-1

I have a categorical variable (in character structure) that is dummy coded in the following manner xx-xxxx. The first 2 digits of the dummy code are significant for categorizing the responses. I would like to be able to bin the responses according to these first 2 digits. For example, there are 28 responses dummy coded as 11-xxxx. I would like to combine all 28 of these responses into one response. I would, therefore, like to be able to convert the dummy coded categorical variable to a quantitative variable so I can more efficiently bin the responses according to these first 2 digits. Is there an R function for making this conversion?

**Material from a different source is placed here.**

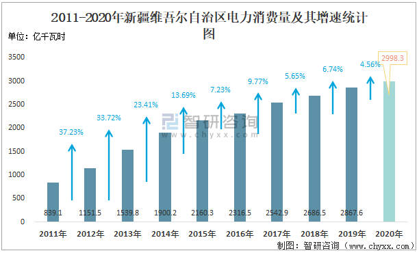 2011-2020年新疆維吾爾自治區電力消費量及其增速統計圖

Image of the Frequency Distribution of the first few responses for the variable

I am a beginner coder and this is my first time posting to stack overflow. Thank you for your help!

dput(data$H4LM18) Sample

  • If you're using the tidyverse, [this answer](https://stackoverflow.com/a/44424567/10898875) illustrates a neat way to make a new column from the first two digits of the dummy code. (The other answers to that question have other options you could explore.) – A. S. K. Dec 04 '19 at 20:31
  • Thanks for your input! I am looking to bin the responses so I can graph them so I'm afraid organizing them into columns won't be sufficient. – user12481858 Dec 04 '19 at 21:31
  • Do you want the final data frame to have one row per first two digits of the code (`11`, etc.)? Or are you looking for a column that encodes which "bin" the row goes in so that you can process the data frame more efficiently downstream? – A. S. K. Dec 04 '19 at 21:47
  • I would like the final data frame to have one row per first two digits of the code. – user12481858 Dec 05 '19 at 21:03
  • That's helpful. Can you post a sample of your data, using `dput`? – A. S. K. Dec 05 '19 at 23:29
  • I just added a picture of a sample of my data to the original post. – user12481858 Dec 06 '19 at 03:53
  • I doubt that blurring the distinction between categorical and numerical variables is a reliable way to group categorical variables. This sounds like an [XY problem](https://meta.stackexchange.com/q/66377/357835). – John Coleman Dec 06 '19 at 03:56

1 Answers1

0

I was able to receive help from a Help Desk and we successfully binned the variable according to the first two digits of the dummy code.

Here is code used for the dataset data and the variable H4LM18:

data$jobcategory<-data$H4LM18

data$jobbracket <- unlist(lapply((strsplit(data$jobcategory, "-")),function(x){x[1]}))#[c(T, F)]

By splitting the dummy code of the responses at the dash ("-") we were able to categorize the responses according to the first two digits of the dummy code alone.